Hi I need some expert to tell me if I am still infected looking at the log attached. How do I get rid off it please.

Thanks

Hi I need some expert to tell me if I am still infected looking at the log attached. How do I get rid off it please.
follow the guide and [b]attach [/b] the logs....not copy and paste http://forum.avast.com/index.php?topic=53253.0

AdwCleaner
Malwarebytes
OTL
aswMBR

when done…be patient as it may take hours before the malware removal experts arrive

Log Files Attached

Last Of the Log files : only thing that stands out is 2 Registry entries …DNS … Controlset 001 & 002 , Thanks

Malware removers are notified…check back later today :wink:

I am not seeing any sign of snapdo… Where are you seeing it ?
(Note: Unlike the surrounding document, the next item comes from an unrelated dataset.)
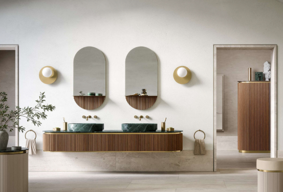 同樣地,Oasis展示了一系列曲線型浴室家具和配件,這款優雅的Nàos梳妝臺是核心展品。該單元由凹槽胡桃木和黃銅制成,配有Verdi Alpi大理石臺面和水槽,前面有兩個抽屜,兩側各有一個弧形門櫥柜。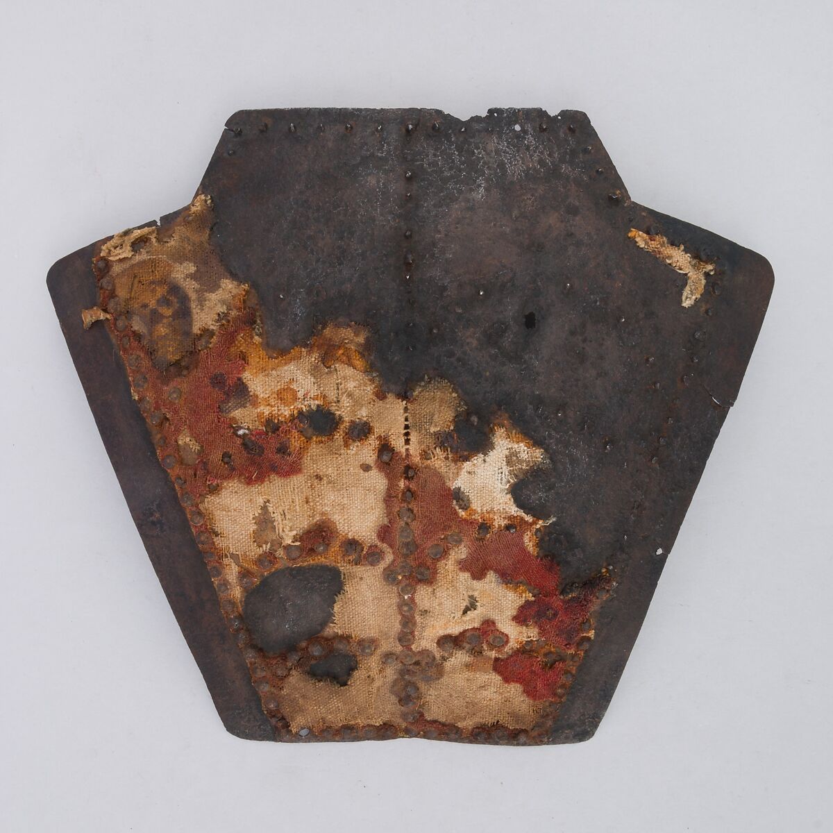 This plate would have protected the area at the top of the wearer's back at the base of the neck and between the shoulder blades. It retains large sections of its original textile covering.

Warning This fix is only relevant for this system and no other, using on another computer may cause problems

Be advised that when the fix commences it will shut down all running processes and you may lose the desktop and icons, they will return on reboot

Run OTL

[*]Under the Custom Scans/Fixes box at the bottom, paste in the following

https://dl.dropbox.com/u/73555776/OTL_Fix.GIF


:OTL
O2:64bit: - BHO: (no name) - {3CA2F312-6F6E-4B53-A66E-4E65E497C8C0} - No CLSID value found.
O2 - BHO: (no name) - {3CA2F312-6F6E-4B53-A66E-4E65E497C8C0} - No CLSID value found.
O7 - HKU\.DEFAULT\Software\Policies\Microsoft\Internet Explorer\restrictions present
O7 - HKU\S-1-5-18\Software\Policies\Microsoft\Internet Explorer\control panel present
O7 - HKU\S-1-5-18\Software\Policies\Microsoft\Internet Explorer\restrictions present
O7 - HKU\S-1-5-19\Software\Policies\Microsoft\Internet Explorer\control panel present
O7 - HKU\S-1-5-19\Software\Policies\Microsoft\Internet Explorer\restrictions present
O7 - HKU\S-1-5-20\Software\Policies\Microsoft\Internet Explorer\control panel present
O7 - HKU\S-1-5-20\Software\Policies\Microsoft\Internet Explorer\restrictions present
O7 - HKU\S-1-5-21-3563665913-2513293735-2134829780-1000\Software\Policies\Microsoft\Internet Explorer\restrictions present
[2012/10/28 18:14:41 | 000,356,352 | ---- | C] (eSellerate Inc.) -- C:\windows\eSellerateEngine.dll
[2012/10/28 18:14:41 | 000,081,920 | ---- | C] (eSellerate Inc.) -- C:\windows\eSellerateControl350.dll
[2012/07/03 14:46:42 | 000,217,672 | ---- | M] () Unable to obtain MD5 -- C:\Users\Stephan\AppData\Local\Temp\winlogon.exe
[2012/07/03 14:46:42 | 000,217,672 | ---- | M] () MD5=8A7F34F0BBD076EC3815680A7309114F -- C:\Users\Stephan\AppData\Local\Temp\svchost.exe

:Commands
[resethosts]
[emptytemp]
[CREATERESTOREPOINT]
[Reboot]

[*]Then click the Run Fix button at the top
[*]Let the program run unhindered, reboot the PC when it is done
[*]Open OTL again and click the Quick Scan button. Post the log it produces in your next reply.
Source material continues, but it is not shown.